Download or read book Crossroads at Midlife written by Frances Cohen Praver and published by . This book was released on 2008 with total page 0 pages. Available in PDF, EPUB and Kindle. Book excerpt: With medical science, health care, and healthy lifestyles extending our lifespans as never before, more and more midlife adults are finding themselves caring for their aging parents. This role can trigger not only logistical and financial challenges, but also great emotional upheaval. There is a reversal of roles as the child--often in the midst of raising his or her own adolescent or young adult offspring--becomes the caretaker of the parent. A parent's aging and mortality elicits strong feelings of loss, and a stark realization of one's own aging and mortality. Past, present, and future paths converge, and the caretaker is at the center of that crossroads. Psychologist Praver--a specialist working with such caretakers--shows us their inner worlds, and how they used a difficult point in their lives to embark on a journey of self-understanding and self-transformation--a journey toward a more meaningful life for themselves.

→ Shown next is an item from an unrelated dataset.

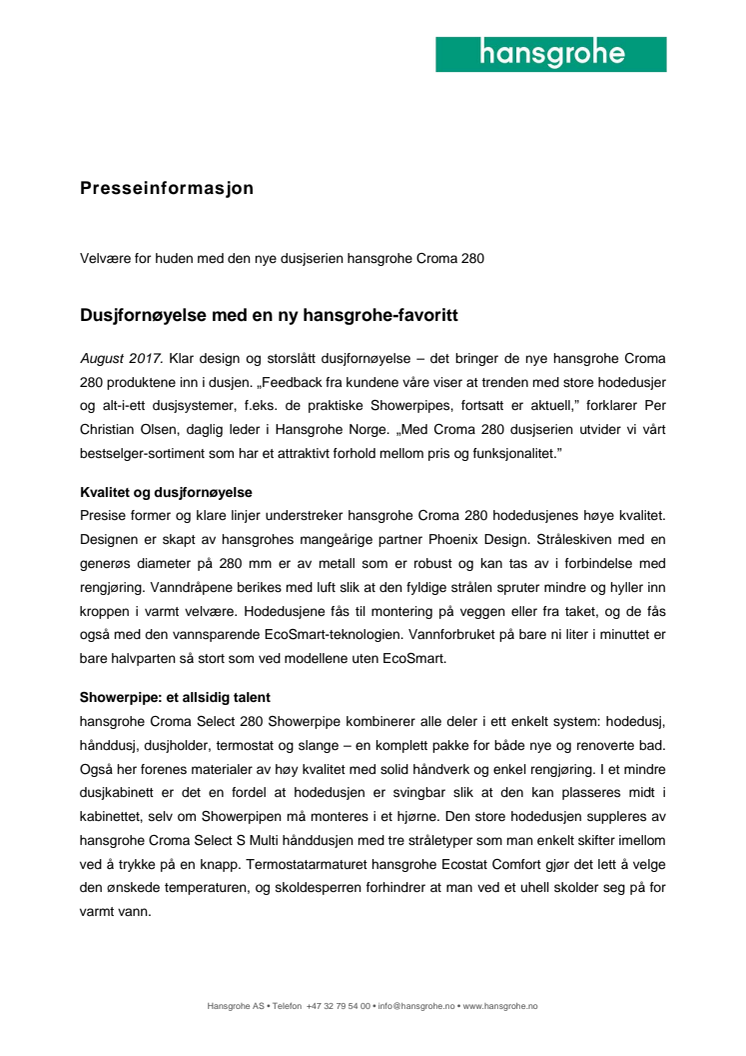 Velvære for huden med den nye dusjserien hansgrohe Croma 280.

Readers can gain a better understanding of their own lives-- and know they are not alone in their struggles to contend with and find powerful benefits from the emotional side of caring for an aging parent. Distress can become peace of mind, as we see in the stories of men and women who sought Praver's help. Relationships that might be weakened by a caretaker role--relationships between caretakers and their children, spouses, and friends--can actually grow stronger with the experience. Profound issues affecting caretakers are shared in this evocative book, which is an enlightening and enjoyable read.